• TO DO:
Skip the pictures, please, and write out exactly the lines from the opening of the data through the line containing "หน่วยต่าง ๆ ที่ใช้ในระบบการผลิตน้ำ".

• DATASET EXTRACT:
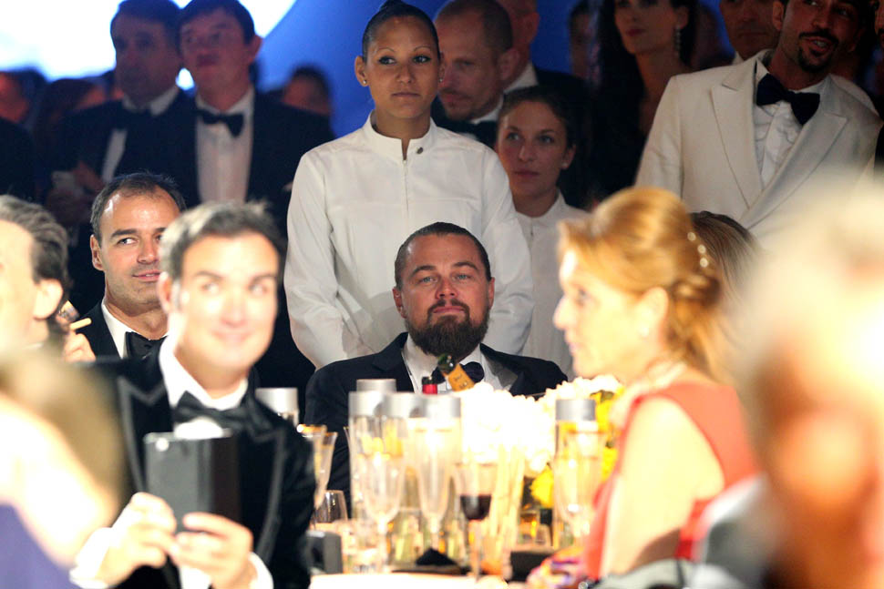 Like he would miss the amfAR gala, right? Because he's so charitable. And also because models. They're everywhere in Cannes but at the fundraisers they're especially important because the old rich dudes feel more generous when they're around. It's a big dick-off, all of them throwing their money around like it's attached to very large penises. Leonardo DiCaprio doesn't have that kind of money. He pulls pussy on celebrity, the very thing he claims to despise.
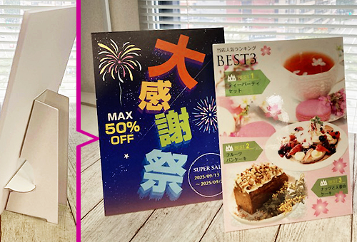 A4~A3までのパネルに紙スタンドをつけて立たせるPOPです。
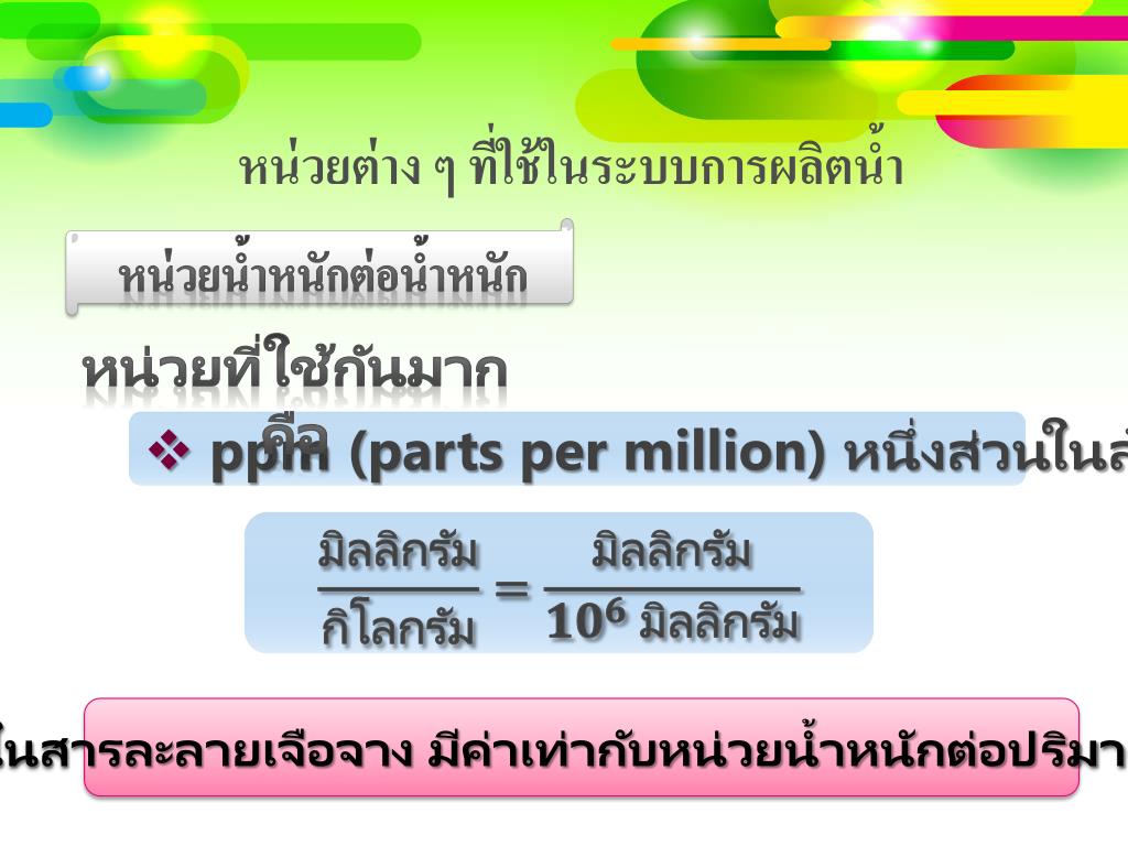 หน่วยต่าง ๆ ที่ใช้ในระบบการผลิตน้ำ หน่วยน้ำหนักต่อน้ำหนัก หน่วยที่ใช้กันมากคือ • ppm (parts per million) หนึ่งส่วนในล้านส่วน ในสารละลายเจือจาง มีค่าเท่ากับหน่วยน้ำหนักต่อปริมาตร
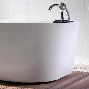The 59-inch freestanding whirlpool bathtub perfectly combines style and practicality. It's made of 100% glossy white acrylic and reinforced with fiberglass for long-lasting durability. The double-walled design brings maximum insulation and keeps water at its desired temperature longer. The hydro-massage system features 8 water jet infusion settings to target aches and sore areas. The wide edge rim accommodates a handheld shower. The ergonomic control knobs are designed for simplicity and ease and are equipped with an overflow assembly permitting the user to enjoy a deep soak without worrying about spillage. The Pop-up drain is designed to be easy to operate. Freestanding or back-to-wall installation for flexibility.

• TASK RESPONSE:
 Like he would miss the amfAR gala, right? Because he's so charitable. And also because models. They're everywhere in Cannes but at the fundraisers they're especially important because the old rich dudes feel more generous when they're around. It's a big dick-off, all of them throwing their money around like it's attached to very large penises. Leonardo DiCaprio doesn't have that kind of money. He pulls pussy on celebrity, the very thing he claims to despise.
 A4~A3までのパネルに紙スタンドをつけて立たせるPOPです。
 หน่วยต่าง ๆ ที่ใช้ในระบบการผลิตน้ำ หน่วยน้ำหนักต่อน้ำหนัก หน่วยที่ใช้กันมากคือ • ppm (parts per million) หนึ่งส่วนในล้านส่วน ในสารละลายเจือจาง มีค่าเท่ากับหน่วยน้ำหนักต่อปริมาตร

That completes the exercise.